Version 1.0, valid from 15. september 2022
Before starting using our services and investing, please read this document and carefully assess your individual situation in terms of financial status, investment goals, risk tolerance, etc. Please consider consulting a professional advisor if needed to better understand the risks related to investment.
All investment decisions you make regarding transactions in financial instruments while using our services are at your own discretion and risk. Fundvest does not make any investment recommendations nor provides any investment advice. All information that is available on our website, social media channels and app is for information purpose and may not be considered as any advice or recommendation.
Fundvest does not provide tax, accounting, or legal advice to its clients, and all investors are advised to consult with professional advisors regarding any potential obligations.
This document was prepared by Fundvest UAB . It contains information about the nature and risk of financial instruments that you may invest in while using our services. It may not explain all the risks or how the specific risks may affect you personally. If you have any doubts if our services and the specific financial instruments are appropriate for you, please seek professional advice.
Investing is always related to risk which may result in financial losses. This may happen because the value of the financial instruments you purchase may drop and because of this the return may be negative meaning that the transaction may be unprofitable or even become of no value at all. The risk of loss is different and depends on each specific financial instrument.
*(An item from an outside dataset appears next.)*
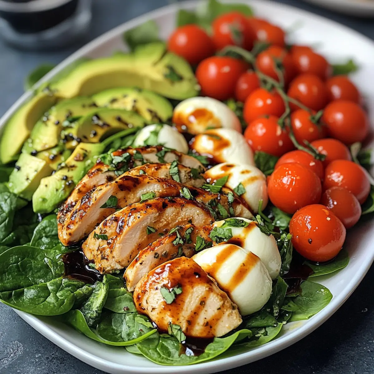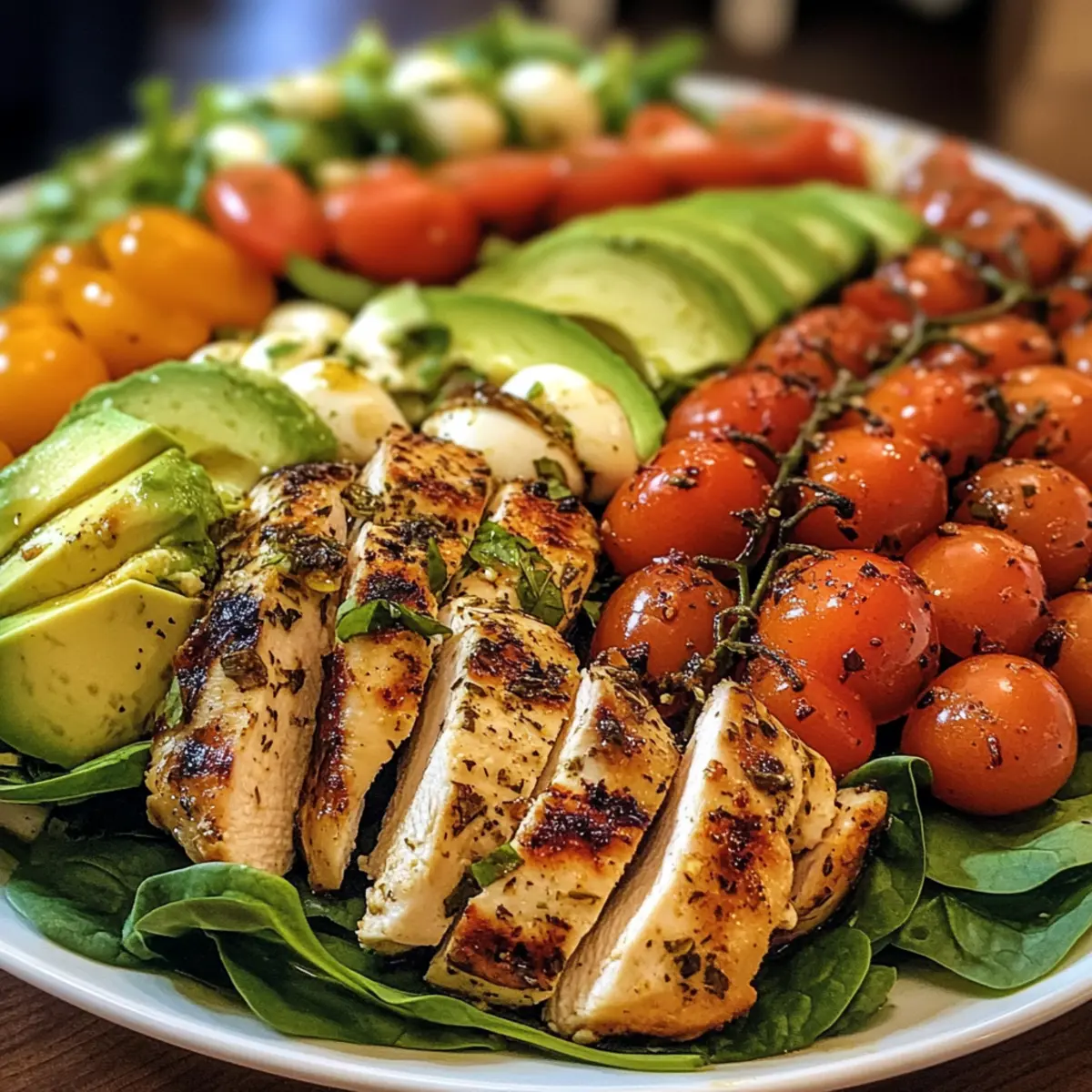 - In a large bowl, lay down a bed of baby spinach. Top with the sliced baked chicken, mozzarella balls, avocado slices, and halved cherry tomatoes.

We strongly encourage you to evaluate the characteristics of financial instruments and the related risks, taking into account your financial status, previous investment experience, your personal investment goals and time period, also other important factors. You should not engage in investing unless you understand the nature of the particular financial instrument and the extent of your exposure to the risk of financial loss.
When using our investment platform you may invest in the following financial instruments:
Stocks (shares) which are units of ownership in companies. Shares that are traded in the stock exchanges (e.g. New York Stock Exchange) can be purchased when using our platform. If the company that issued the shares (issuer) earns profit, part of the profit can be distributed to the owners of the shares (shareholders) in the form of dividends.
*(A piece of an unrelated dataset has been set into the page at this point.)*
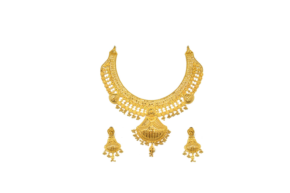 The Golden Radiance jewelry set exudes timeless beauty with its pure gold design, offering a perfect balance of elegance and sophistication for any occasion.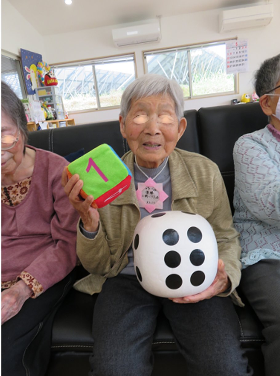 デイサービスCANでは、誰もが主役になれるように集団レクリエーションを楽しんで頂いております。今週のレクリエーションは、Wサイコロ。2種類のサイコロを用いて出た目の大きさを競うデイサービスCANオリジナルゲームです。今回は二つのサイコロの目の合計数が大きい人が優勝という設定(合計数が小さい人が優勝という設定の場合もあります)。競技を終えて、なんと3名の方が同点トップとなり優勝決定戦を行うことなりました。決定戦は一発勝負。一人目が5を出され、残りの二人は6を出さなければならない状況となりました。ところが二人目も5を出されました。そして三人目、なんとなんと6を出され決定戦に相応しい好勝負を制されました。 。

ETFs (exchange-traded funds) which are collective investment funds that are traded in the stock exchanges. They may consist of various asset classes, such as shares, bonds, etc., thus ensuring greater diversification and potentially lower investment risk. ETFs are managed by professional investment management companies.
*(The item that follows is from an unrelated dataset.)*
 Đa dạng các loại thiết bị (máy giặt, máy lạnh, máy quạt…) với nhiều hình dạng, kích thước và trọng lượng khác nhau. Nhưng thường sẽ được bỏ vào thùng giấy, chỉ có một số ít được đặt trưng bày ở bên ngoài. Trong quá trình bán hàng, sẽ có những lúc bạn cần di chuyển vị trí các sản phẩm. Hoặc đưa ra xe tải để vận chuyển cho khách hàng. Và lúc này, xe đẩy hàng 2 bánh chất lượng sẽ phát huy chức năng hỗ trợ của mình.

By investing in any of the above you risk not getting back the same as you originally invested. Additionally, please take into account other risks that are listed below.
Counterparty credit risk – the risk that Client might incur losses if a counterparty against whom Client has a credit exposure, does not fulfil his financial obligations.
Country risk – risk that financial instrument value might changed because of events or development in precise country or region.
Information risk – the risk that Client might make a decision not having the complete information about the financial instrument or information being not available to Client.
Interest rate risk – the risk that market value of financial instrument will change a lot because of changes in interest rates (especially applicable towards bonds and bond-based ETFs).
Legal risk – risk of financial instruments losing value or incure addidional expences because of legal restrictions or duties as a result of changes including, but not limited to legislation, mandatory changes by regulators or national competent authorities.
Liquidity risk – the risk that financial instrument cannot be purchased or sold without significant additional expence due to lack of liquidity in the market. One of the ways how liquidity risk can be measured (suitable not for all cases) is the difference between best bid and best ask price (in absolute terms or as percentage of the last traded price).
Market risk – often called „systematic risk“ is the risk of price changes because of overall performance of relevant financial markets.
Price risk – the risk on relevant financial instrument price changes.
Stocks are open to all general risks mentioned above and some stock-specific risks such as:
Rating risk – risk that value of listed stock might change because of change in credit rating issues by one of the rating agencies.
Risk of (hostile) merger and acquisition – risk that company might be acquired or merged leading to the fact that Client ownership in listed company will be bought following the accounced terms and conditions.
ETFs are managed by asset management companies.
ETFs are open to general risks mentioned above and some specific risks such as:
Closure risk – risk that fund management company will decised to liquidate ETFs or merge it with another listed or unlisted product.
Management fee risk – risk that fund management company will change the management fee that is taken while managing the fund.